Users — The meta is for tracking/mapping only. User lookup during import is done by user_login match, not by meta, and if a user with the same login exists locally, it will be reused regardless of whether it has the source hostname meta (with an appropriate warning in the log), while the meta is added for internal reference.
Terms (Categories, Tags, etc.) — The meta is for tracking/mapping only. Term lookup during import is done by name + taxonomy + parent, not by meta. And if a term with the same name exists with the same taxonomy, and under the same parent, it will be reused regardless of whether it has the source hostname meta, while the meta is added for internal reference.
- Backup First: Always backup your local staging site before running migrations
- Monitor Logs: Check log files for any issues or warnings
Run ./vendor/bin/phpcs --standard=phpcs.xml {File} to check for coding standards issues.
Run ./vendor/bin/phpcbf --standard=phpcs.xml {File} to apply automatic fixes.
This plugin points to the Newspack Migration Tools dev-trunk branch.

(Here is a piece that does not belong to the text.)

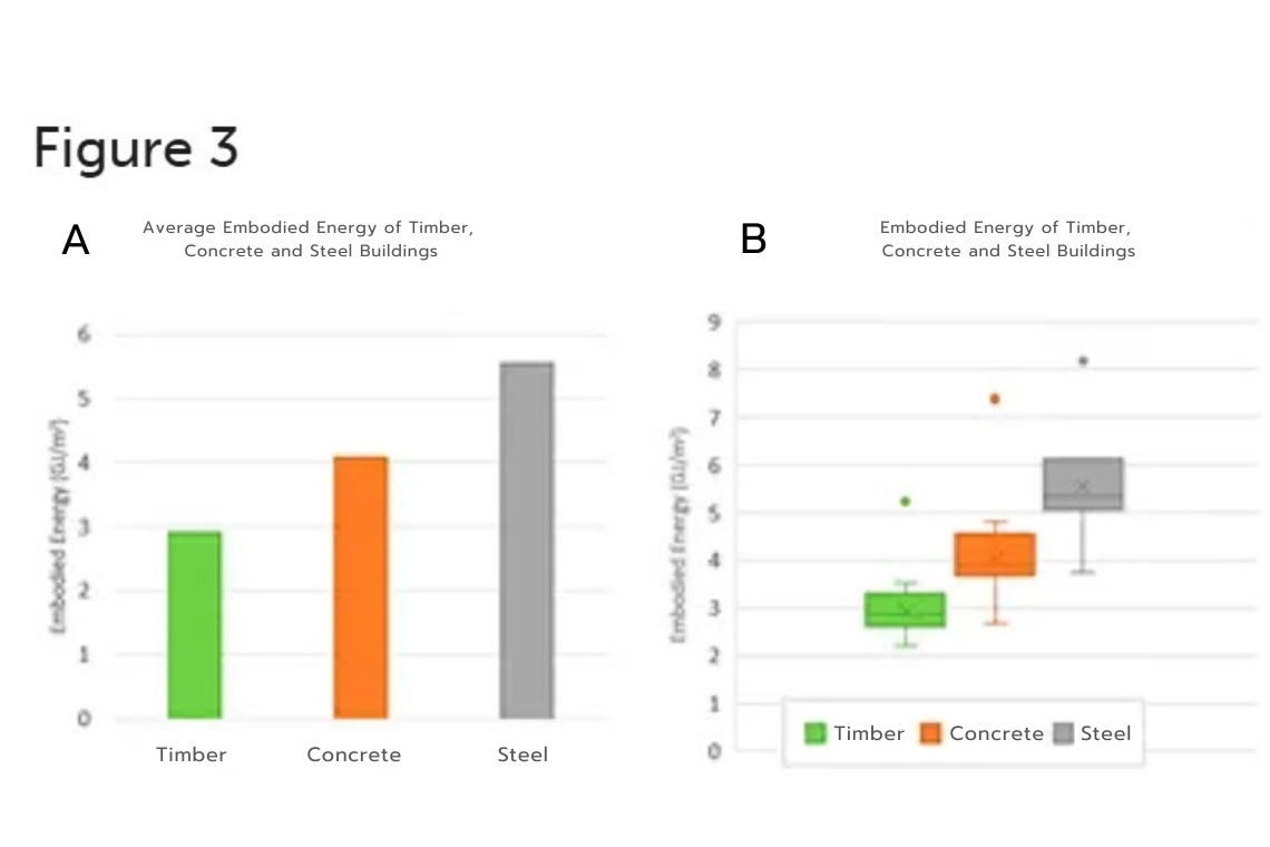 จากตาราง พบว่าอาคารไม้มีพลังงานที่ฝังอยู่น้อยที่สุด โดยเฉลี่ยแล้ว พลังงานที่ฝังอยู่ในอาคารไม้ต่ำกว่าอาคารคอนกรีต 28% และต่ำกว่าอาคารเหล็ก 47% ตามลำดับ

Whenever newer code has been merged to trunk in the NMT, run composer update automattic/newspack-migration-tools to update the lockfile and get the latest from the NMT. If nothing happens when you update, then run composer clear-cache and try again.
Here is a one-liner (well – there are multiple lines for readability) that is safe to use even if you have the NMT symlinked into the vendor directory. From your PR's branch run:
rm -rf vendor/automattic/newspack-migration-tools && \
composer update automattic/newspack-migration-tools && \
git add composer.lock && \
git commit -m 'Updating NMT composer pointer' && \
git push origin $(git symbolic-ref --short HEAD)- Check the log files in the
--data-dirdirectory - Review the error log for specific error messages
- CLI Timeout Issues: Consider running migrations in smaller batches, or simply rerun to resume the migration from the last successful step
- Memory Exhaustion: Increase PHP memory limits or reduce batch size
This plugin is part of the Newspack ecosystem and follows the same licensing terms as other Newspack plugins.
This plugin is provided as-is without any warranty or support. Use at your own risk. The authors and contributors are not responsible for any data loss or any kind of damage caused by the use of this plugin.